Starting at the line that contains "Naklejka premium Snow", print each line exactly through the end of the listing. Skip any pictures and add nothing.

▶ [Recorded information]

========

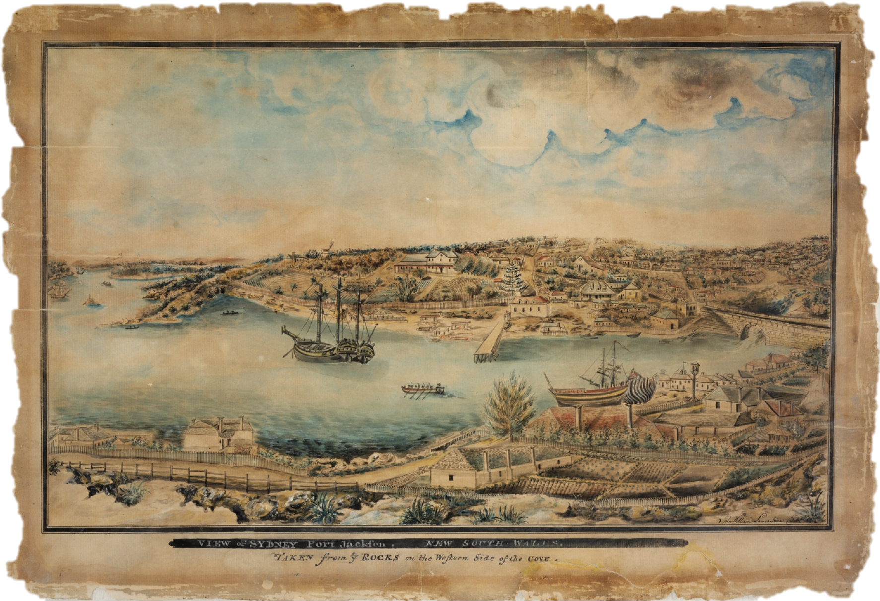 The Glatton sailed from England on 23 September 1802, and its 169-day voyage to New South Wales seemed to be quite a success medically speaking, especially compared to earlier crossings.[21] ‘By means of air-tubes and other contrivances, together with due attention to cleanliness and diet,’ fever and flux had been avoided, so there was no loss of life due to shipborn diseases or accidents; the seven convicts who passed away during the voyage had instead died from ‘chronic disorders.’[22] All the same, as the Sydney Gazette recorded, ‘The day before [the Glatton] got into the Cove’ on 12 March 1803, ‘100 weak people were taken out, and put on board the Supply, 50 of the most ailing were soon after sent on shore to the General Hospital, where every attention was paid them. Their complaints were slightly scorbutic,’ meaning they were showing the early signs of scorbutus (scurvy), a severe vitamin C deficiency.[23] Based on James Lind’s description of the progression of the illness in his Treatise on the Scurvy (1757), these early signs would have included:
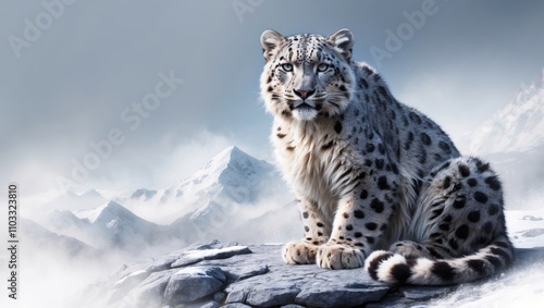 Naklejka premium Snow leopard rests on rocky ledge amid misty mountain landscape
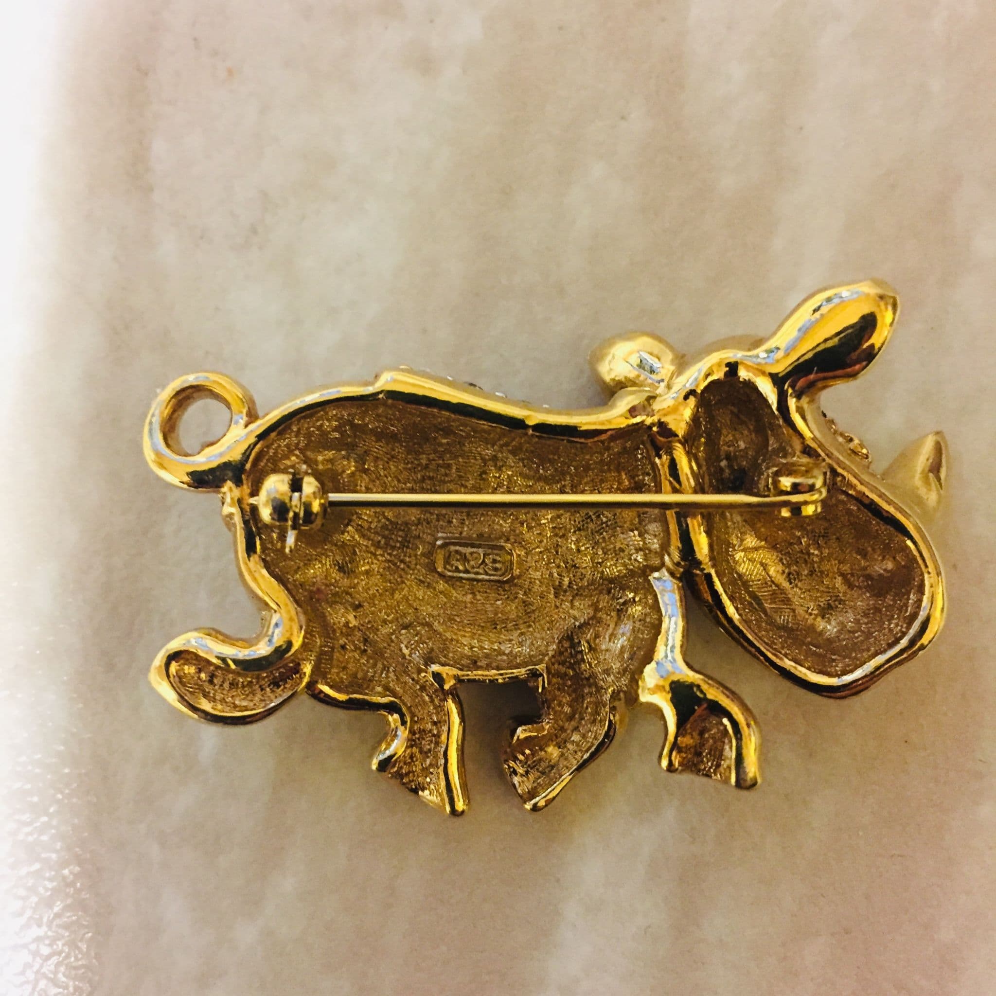 Sold Hippo Brooch signed "Attwood and Sawyer" - Gold Plated Hippopotamus Pin

========

▶ [Task result]
 Naklejka premium Snow leopard rests on rocky ledge amid misty mountain landscape
 Sold Hippo Brooch signed "Attwood and Sawyer" - Gold Plated Hippopotamus Pin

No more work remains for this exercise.